═══ The data ═══

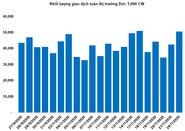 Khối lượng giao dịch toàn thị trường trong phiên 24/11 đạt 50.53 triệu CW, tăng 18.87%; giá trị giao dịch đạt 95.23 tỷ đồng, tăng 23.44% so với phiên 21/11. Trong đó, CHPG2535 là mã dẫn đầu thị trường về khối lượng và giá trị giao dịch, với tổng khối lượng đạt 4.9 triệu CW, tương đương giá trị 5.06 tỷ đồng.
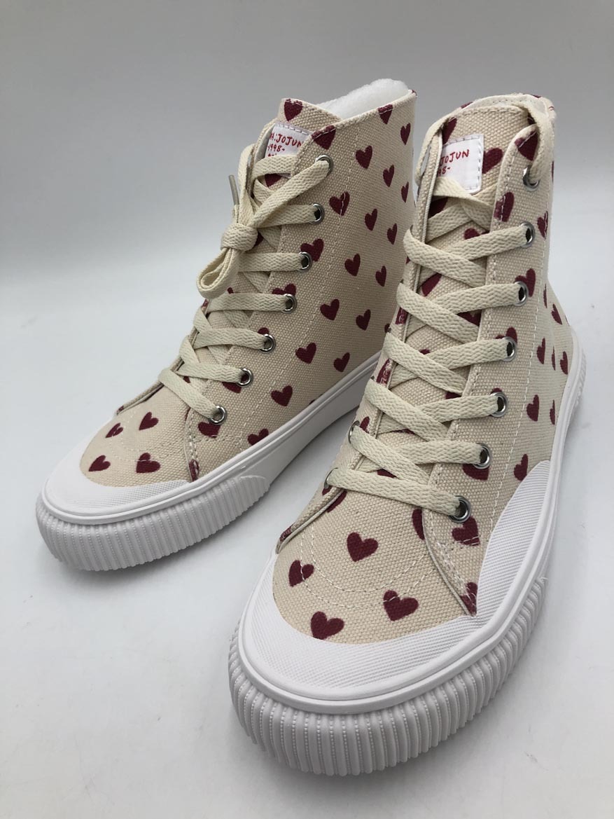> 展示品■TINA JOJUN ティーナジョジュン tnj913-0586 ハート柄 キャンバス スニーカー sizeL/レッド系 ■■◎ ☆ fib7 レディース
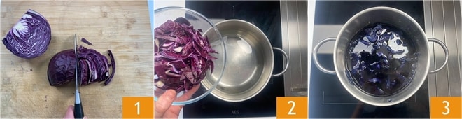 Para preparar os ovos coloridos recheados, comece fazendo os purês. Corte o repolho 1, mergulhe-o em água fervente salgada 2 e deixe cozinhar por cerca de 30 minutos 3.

═══

» Exercise directions
Please give the data again in full, exactly as written, but without any images.

» Solution to the exercise
 Khối lượng giao dịch toàn thị trường trong phiên 24/11 đạt 50.53 triệu CW, tăng 18.87%; giá trị giao dịch đạt 95.23 tỷ đồng, tăng 23.44% so với phiên 21/11. Trong đó, CHPG2535 là mã dẫn đầu thị trường về khối lượng và giá trị giao dịch, với tổng khối lượng đạt 4.9 triệu CW, tương đương giá trị 5.06 tỷ đồng.
> 展示品■TINA JOJUN ティーナジョジュン tnj913-0586 ハート柄 キャンバス スニーカー sizeL/レッド系 ■■◎ ☆ fib7 レディース
 Para preparar os ovos coloridos recheados, comece fazendo os purês. Corte o repolho 1, mergulhe-o em água fervente salgada 2 e deixe cozinhar por cerca de 30 minutos 3.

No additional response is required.